A very good explanation on the difference between pro users and normal users. It should apply to CS people vs. non-CS people as well.
First impression and ease of deployment is extremely important.
Leaving people a good impression is very important, and it’s particular important for selling a product in domain A to people in domain B.
Examples
Example 1
I’m a Python fan. I persuade (mostly MATLAB) people around me to use Python. Many people got frustrated at things like the follows and failed to switch.
- There are so many ways to install Python and I feel extremely confused.
- I never need to update packages in MATLAB; yet now I need to do them in Python.
- Errors like “XXX package is missing” drives me mad.
- Jupyter Notebook running in a browser looks weird compared to my favorite MATLAB IDE.
Example 2
One labmate took a machine learning course at CMU. Each assignment had Python and MATLAB version. For one assignment, the starter code of the Python version contained mixed usage of numpy.ndarray
and numpy.matrix
; various mysterious “bugs” due to this (poor) mixed usage drove my labmate mad. Despite that Python has essentially won the data science language war over all other ones (MATLAB, R, Julia, etc.), my labmate switched back to MATLAB, which provides a cozy, closed, consistent environment. Essentially, that one poorly written assignment code ruined my labmate’s Python experience.
Reasons
Again, it’s due to that people organize CS concepts in their mind differently, they estimate the costs of handling new concepts and difficulties differently.
In example 1, CS people who have experience with C++ or any other lower-level languages will not find installing and updating packages to be very annoying, as they have struggled with such issue for many times; non-CS people who are familiar with MATLAB will find such issues unacceptable.
In example 2, CS people know more that there are well written programs and badly written ones—any great language can be used in bad ways; non-CS people may unconsciously evaluate a language purely based on some of their own (highly biased) specific use cases.
Understanding “why” is more important than getting things “work”.
I think this is a problem specific to deep learning. In the deep learning era, people have developed many models that “work”, without knowing why they work. This is an issue recognized by almost every deep learning professional.
On the other hand, I feel the issue of “why” is highly valued by many scientific fields. In neuroscience, if a paper does not have a section on “why” a model works, then the chance of publication will be slim.
User interface has to be really friendly, and bugs should be as few as possible.
As a CS person, I am OK with struggling with mysterious bugs of open-source programs. I think as CS people understand the underlying mechanisms of those programs better, they are more proactive in fixing bugs, and can often find the correct way to solve them quickly.
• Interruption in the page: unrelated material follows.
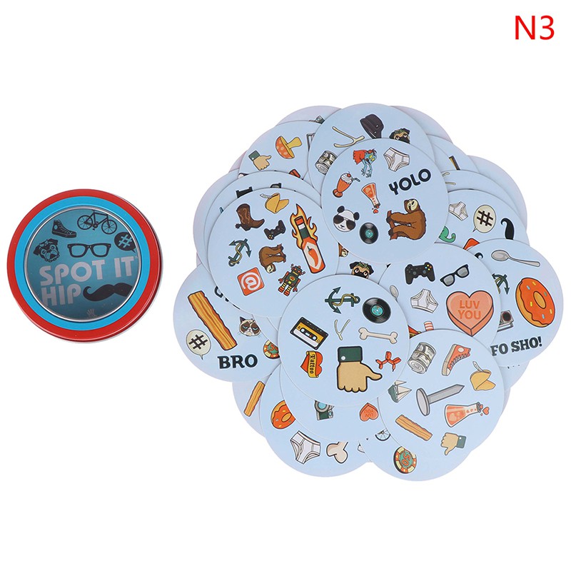 Đặc điểm: #01 Động vật (31 chiếc) Tên trò chơi: phát hiện nó động vật Người chơi: 4 trở lên Số người chơi: 26 Thời gian trò chơi: dưới 30 điểm trừ Kích thước hộp: 9 * 9 * 3 cm / 3.5 * 3.5 * 1.18in Thẻ tròn, đường kính là 83mm (đo bằng tay, có thể có một chút sai số) Số lượng: 31 chiếc (Không bao gồm hộp sắt) #02 Hip hop (55 chiếc) Tên trò chơi: phát hiện nó động vật Người chơi: 13+ Số người chơi: 2-8 Thời gian trò chơi: dưới 30 điểm trừ Kích thước hộp: 9 * 9 * 3 cm Thẻ tròn, đường kính là 83mm (đo bằng tay, có thể có một chút sai số) Số lượng: 55 chiếc (Không bao gồm hộp sắt) #03 Cắm trại (55 chiếc) Tên trò chơi: phát hiện nó động vật Người chơi: 7 tuổi đến người lớn Số người chơi: 2-8 Thời gian trò chơi: dưới 30 điểm trừ Kích thước hộp: 9 * 9 * 3 cm Thẻ tròn, đường kính là 83mm (đo bằng tay, có thể có một chút sai số) Số lượng: 55 chiếc (Không bao gồm hộp sắt) #04 Thể thao (55 chiếc) Tên trò chơi: phát hiện nó động vật Người chơi: 6 đến người lớn Số người chơi: 2-8 Thời gian trò chơi: dưới 30 điểm trừ Kích thước hộp: 9 * 9 * 3 cm Thẻ tròn, đường kính là 83mm (đo bằng tay, có thể có một chút sai số) Số lượng: 55 chiếc (Không bao gồm hộp sắt) #5 Động vật / Số (30 chiếc) Tên trò chơi: phát hiện nó động vật Người chơi: trẻ em Số người chơi: 1-5 Thời gian trò chơi: dưới 30 điểm trừ Thẻ tròn, đường kính là 78mm (đo bằng tay, có thể có một chút sai số) Tổng số là 30 thẻ mỗi (Không bao gồm hộp sắt) #6 Cổ điển (55 cái) Loại: Trò chơi thẻ bên gia đình Spot It Màu sắc: nhiều màu Chất liệu: giấy tráng Tuổi: 7—15 tuổi Kích thước: Xấp xỉ 8,3 * 8,3 * 1,7 CM

For example, if a program gives some mysterious error, I will typically copy and paste that error information into Google, see what other people are saying, and figure out the correct solution for me out of a lot of noisy and misleading ones. If googling doesn’t work, I will try to check source code, set break point somewhere, add some print statements, etc. to figure out what’s going on.
Non-CS people won’t do any of these. They will check user documentation at most, which will never contain what they want to solve the error, and get stuck and frustrated.
Essentially, I feel selling CS products to non-CS people is like selling cars to average customers without knowledge of automobile mechanics. Many CS products are just not that reliable and not worth money and time, if we treat CS products as cars that are simply expected to work, without any customer’s help.